The number of CAMELS Code 4/5 credit unions increased slightly from the preceding quarter to 122; CAMELS Code 3 credit unions also increased slightly to 769. Of note, this change resulted in a more than tripling of assets held by CAMELS Code 3 credit unions with at least $1 billion in assets (from $7 billion to $24.8 billion). Overall, over 96% of assets are held by CAMELS Code 1/2 credit unions; this is a decrease from over 97% in the preceding quarter. 

As of December 31, the equity ratio of the Share Insurance Fund is 1.30%, this is an increase from 1.26% as of June 30. The primary driver of the increase in the ratio is a decrease in insured shares; an improvement in the investment portfolio yield and a low loss rate from credit unions also contributed to the increase. The Normal Operating Level of the Fund is 1.33%. 

Friday Tidbit 

Yale Honors Work of 9-Year-Old Girl Who is Stomping Lantern Flies in New Jersey 

When 9-year-old Bobbi Wilson heard about the Hoboken campaign to eradicate the spotted lanternfly, she took the message to heart, whipped up some homemade, non-toxic, spotted lanternfly poison out of vinegar, and headed out to do her part. 

Yale decided to highlight this citizen scientist, as she donated her collection of 27 lantern flies to the Peabody Museum of Natural History database and received the title “donor scientist.” 

“We wanted to show… how inspiring she is, and we just want to make sure she continues to feel honored and loved by the Yale community,” Ijeoma Opara, an assistant professor at the school, said in a statement. 

It’s an unfortunate thing as the lanternfly is quite beautiful, but its piercing-sucking talons can damage over 70 species of native and ornamental plants but have a preference for high-value ag commodities like grapes and stone fruit. 

Native to China, they are typically kept in check via parasitic wasps and were accidentally introduced to the United States in 2014. Feeding on plant sap, their bodies create a sugary excretion called honeydew which collects on or around trees and cultivates sooty molds which can lead to tree death. 

Wilson was joining in New Jersey’s “Stomp it Out” campaign to help clear out the winged devils from the state. The campaign recommends three things: killing any individuals seen on one’s property, scraping off the “egg masses” which are greyish slimes that contain between 30 and 50 eggs that they lay in wintertime, and cutting down about 90% of all theAilanthus altissima trees, also known as the “tree of heaven,” which belies its presence as an invasive pest species. 

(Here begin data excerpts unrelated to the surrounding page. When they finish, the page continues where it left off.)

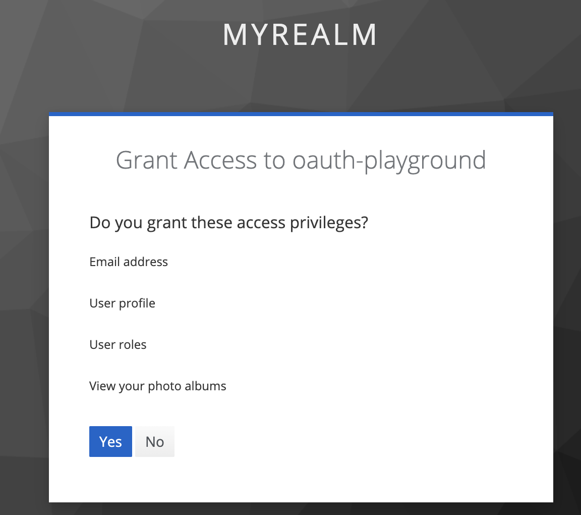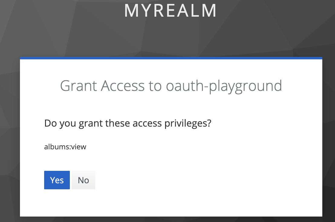 다음으로 다시 myrealm의 사용자로 로그인을 시도하면 아래와 같이 사용자 동의 제공 화면이 출력되는 것을 볼 수 있다.
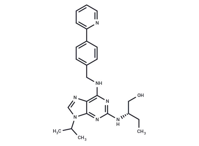 – C(C)(C)N1C=2C(=C(NCC3=CC=C(C=C3)C4=CC=CC=N4)N=C(N[C@@H](CC)CO)N2)N=C1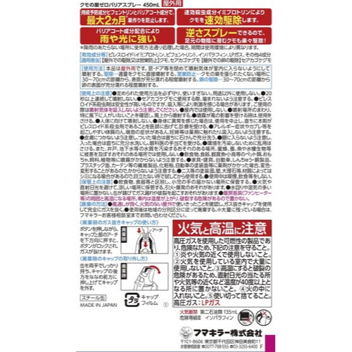 | 商品名 | クモの巣ゼロバリアスプレー 450ml |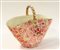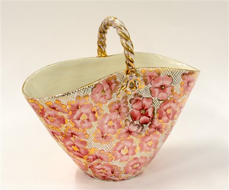 Manifattura Sacas, San Marino Cestino in ceramica decorato a fiori in rosa e oro. Ansa a corpi intrecciati (difetti)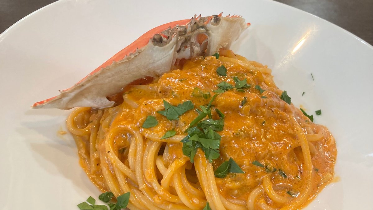 渡り蟹の出汁とトマトクリームの濃厚なソース。添えたハサミ以外の身は丁寧に取り出してあります。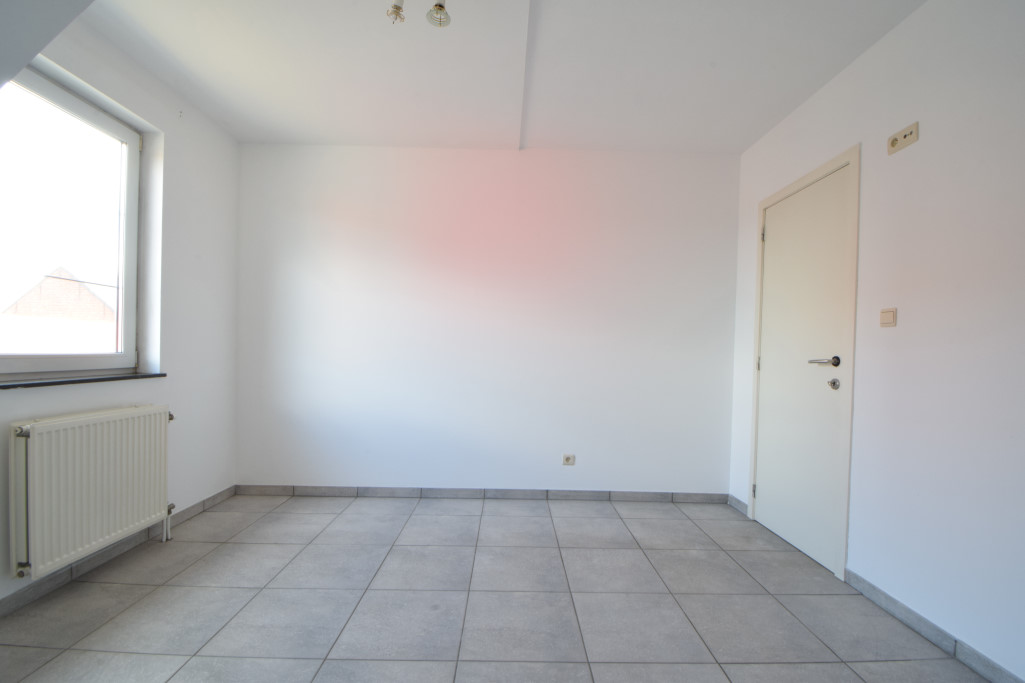 De leefruimte bestaat uit een zit- en eethoek en een open, ingerichte keuken. De woonkamer geeft via een schuifraam uit op een groot dakterras achteraan met een mooi uitzicht. De keuken is voorzien van een elektrisch fornuis, dampkap, oven, inbouwijskast en voldoende kastruimte.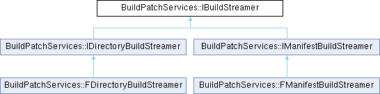 Inheritance diagram for BuildPatchServices::IBuildStreamer:Public Member Functions | |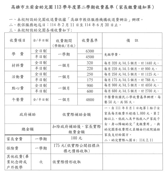 高雄市立前金幼兒園 地址:高雄市前金區大同二路 76 號總機:07-2211708、2516260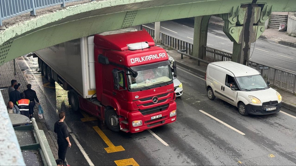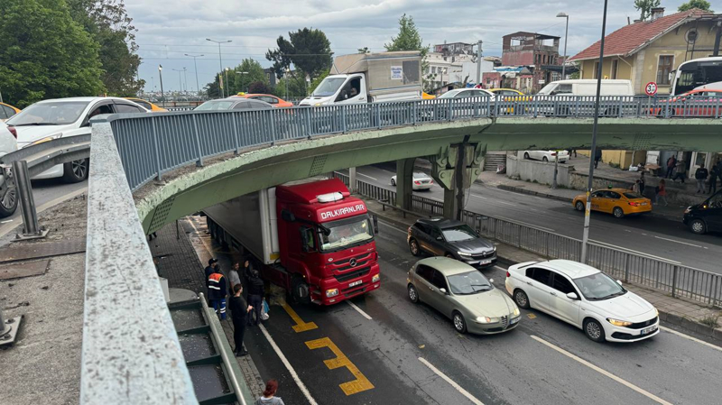 Kamyonun köprü altında sıkışması caddede trafik yoğunluğuna neden oldu.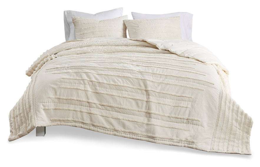 The Urban Habitat Mercer 3 Piece Cotton Chenille Coverlet Set offers a cozy contemporary update to your bedroom decor. This cotton coverlet features vertical chenille stripes along the sides and horizontal chenille stripes that run down the center to create a modern, textural design.Read More
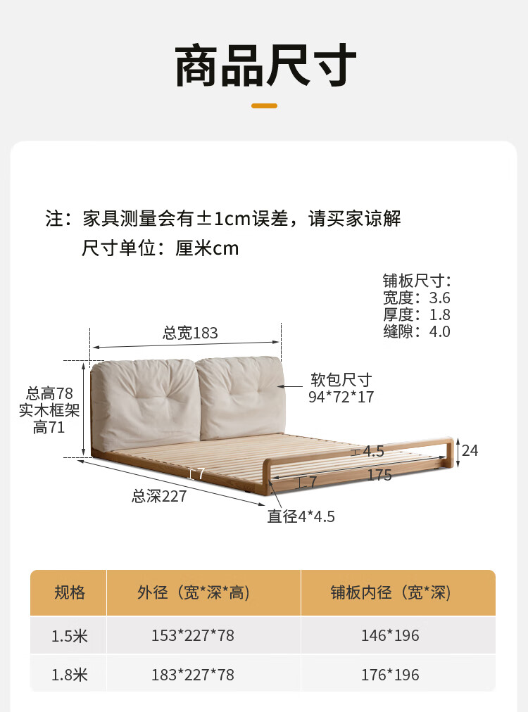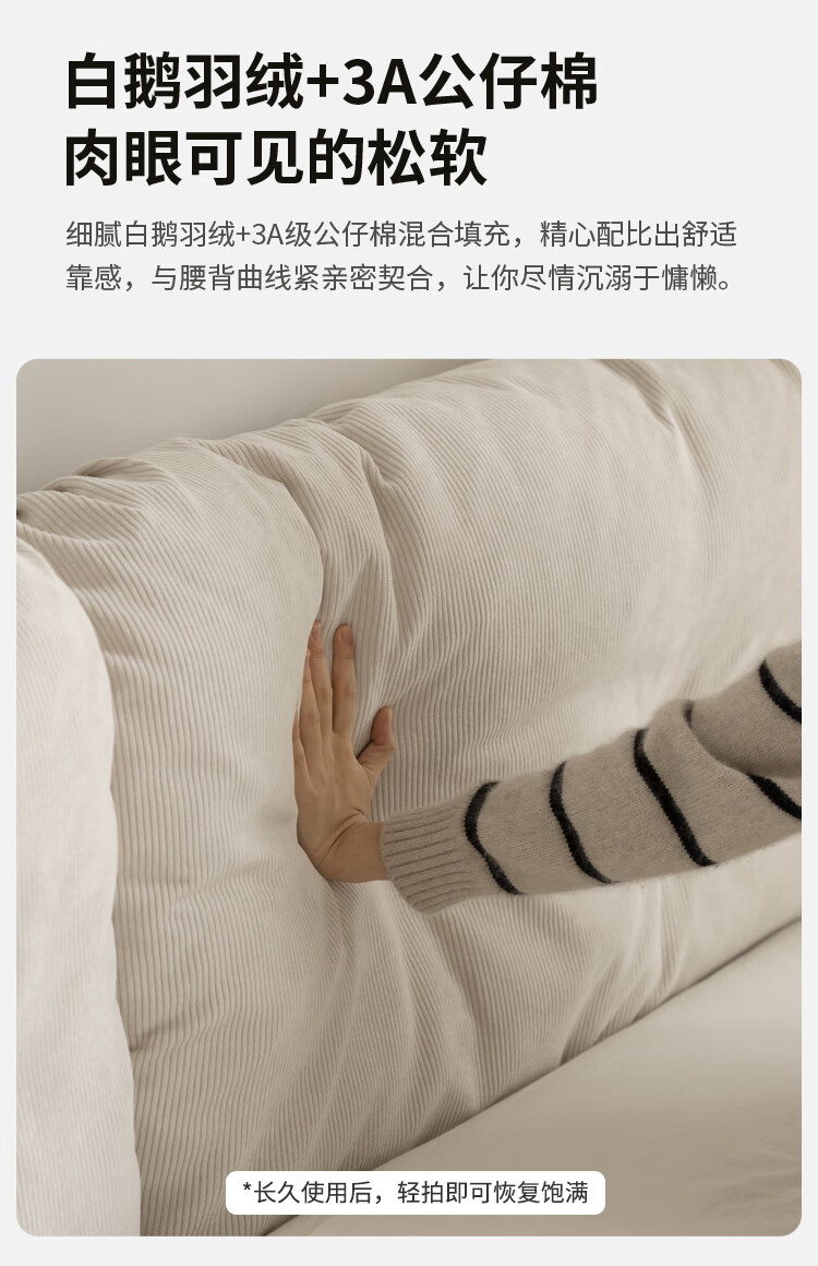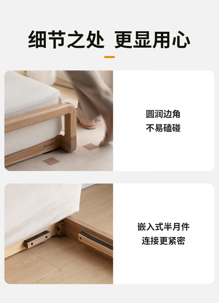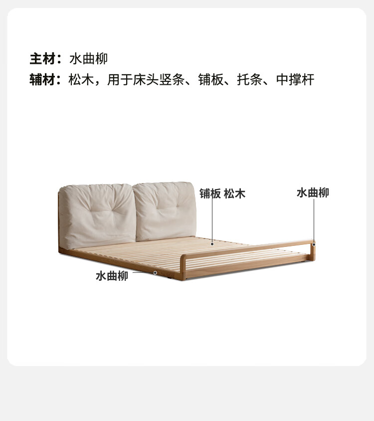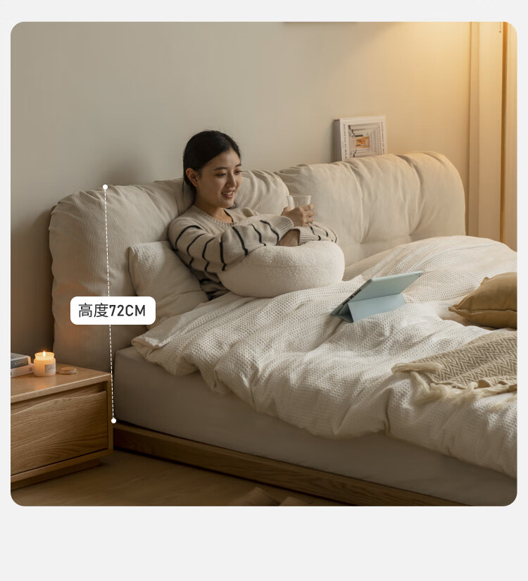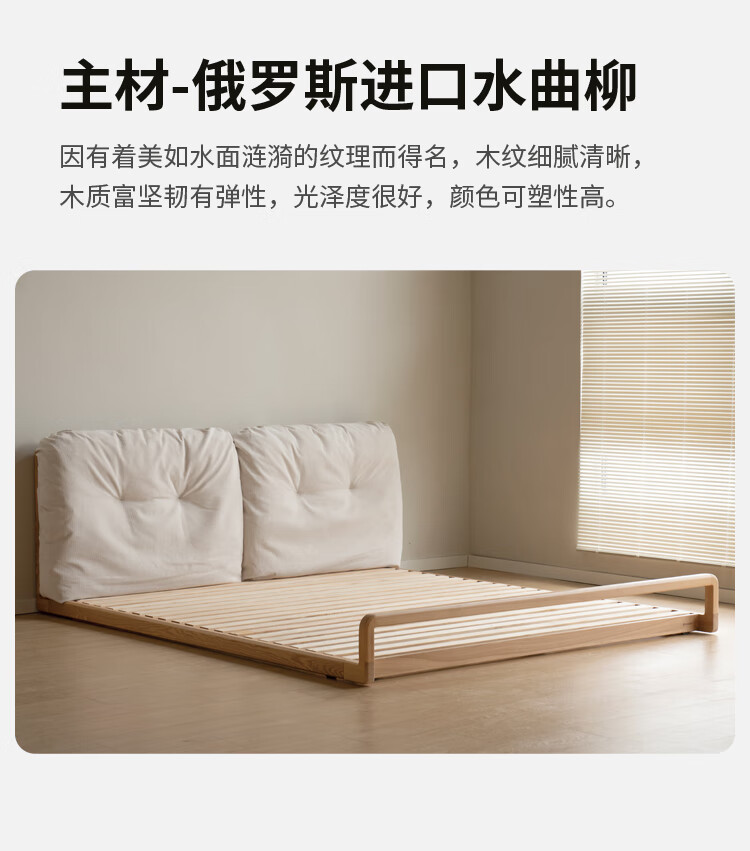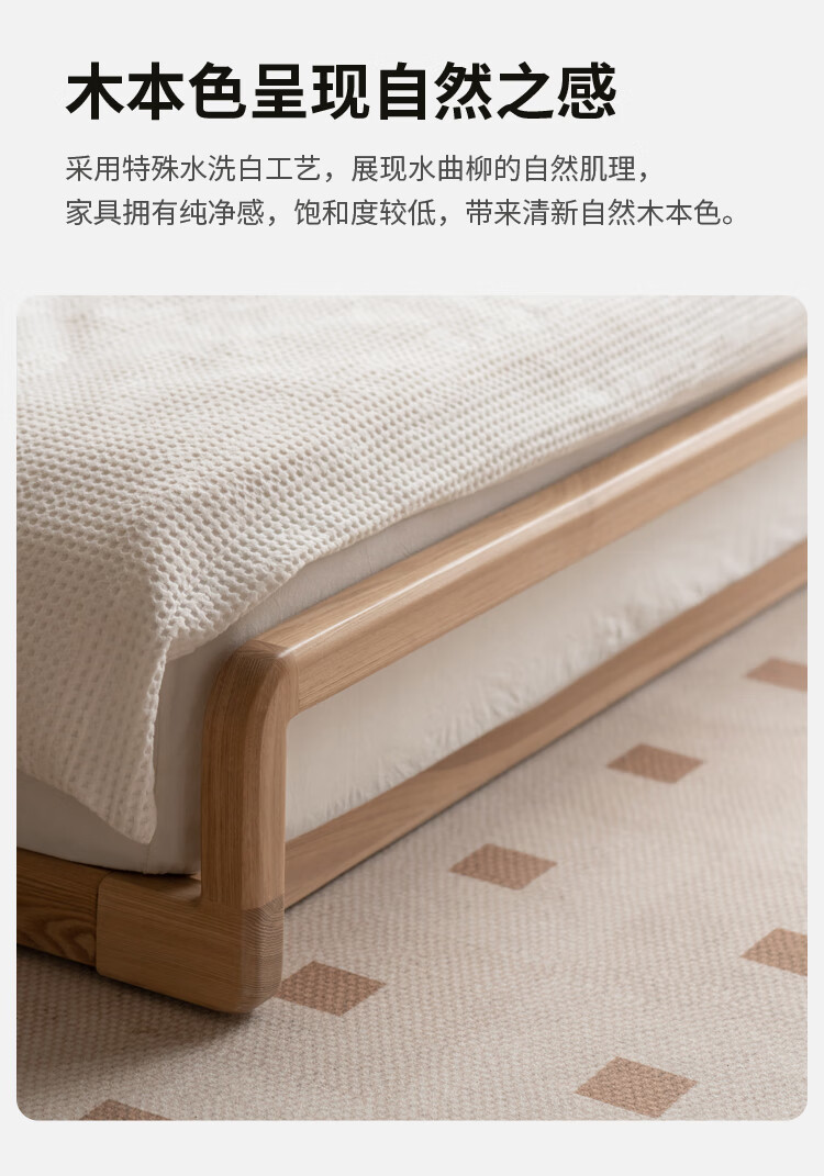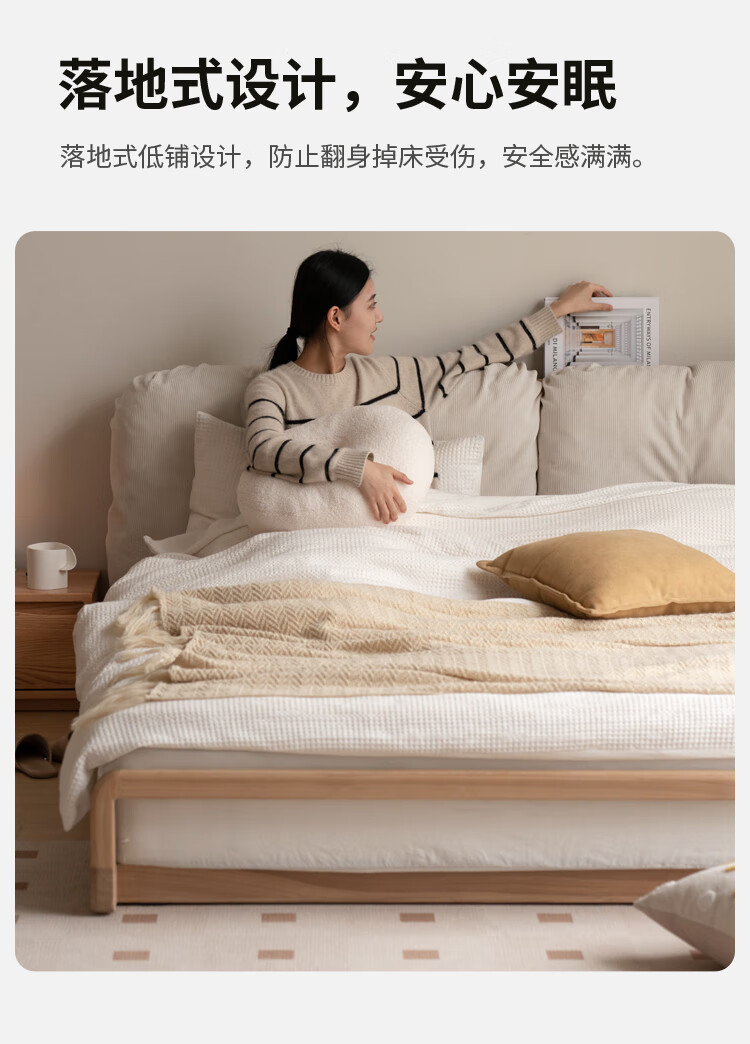 Genji Wood Language Solid Wood Bed Cream Style Down Soft Back Nordic Double Bed Bedroom Furniture Technology Cloth Bed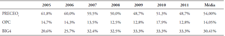 Constatou-se uma relação positiva e significativa (p < 0,005) entre o nível de DIEG e o fato de as empresas serem auditadas por uma das BIG4, o que nos permite confirmar a hipótese H2e. Os resultados sugerem que as empresas auditadas por uma BIG4 divulgam, em média, mais informação relativa à estrutura de governança (Barako et al., 2006). Nesse sentido, os dados deste estudo revelam que as empresas auditadas por uma BIG4 apresentam, em média, um índice de divulgação de informação sobre a estrutura de governança igual a 58,4% em 2005, e que atinge os 78,6% em 2011. Esses resultados são consistentes com os estudos de Oliveira et al. (2006) e Lopes e Rodrigues (2007) realizados no contexto português.

As the weather turns toward spring, both New Jersey and Pennsylvania residents need to keep an eye out for these insects and stomp them out to protect our crops and trees. 

Newsmakers 

PSECU Security Manager Discusses Ethical Hacking on Local News 

Harrisburg, PA — PSECU Security Manager Scott Lenker joined local news station Fox 43 recently to discuss current cyber security trends and his work as an “ethical hacker.”  

In the segment, Lenker explained that with so many accounts, online hacking attempts are just part of the workday. 

“We’re seeing attacks come from China, from Russia, even North Korea, and we have to make sure those attacks don’t get through,” Lenker said. 

In order to protect customer information from prying eyes, Lenker uses his skills as a United States-certified ethical hacker. His proactive approach to cybersecurity is common among other ethical hackers that use their hacking skills for good, rather than for damage. 

“From a certified ethical hacker standpoint, we actually break into the systems, we make sure that we’re the first people to find the vulnerabilities, so if we break into and find the vulnerabilities, we’re able to fix it before the bad guys are able to get in,” said Lenker. 

Most hackers are able to manipulate a user’s online account through various means, regardless of a user’s protection plan, according to Lenker. Virtual private networks and two-factor authentication can be bypassed, sometimes by the user themselves without their knowledge.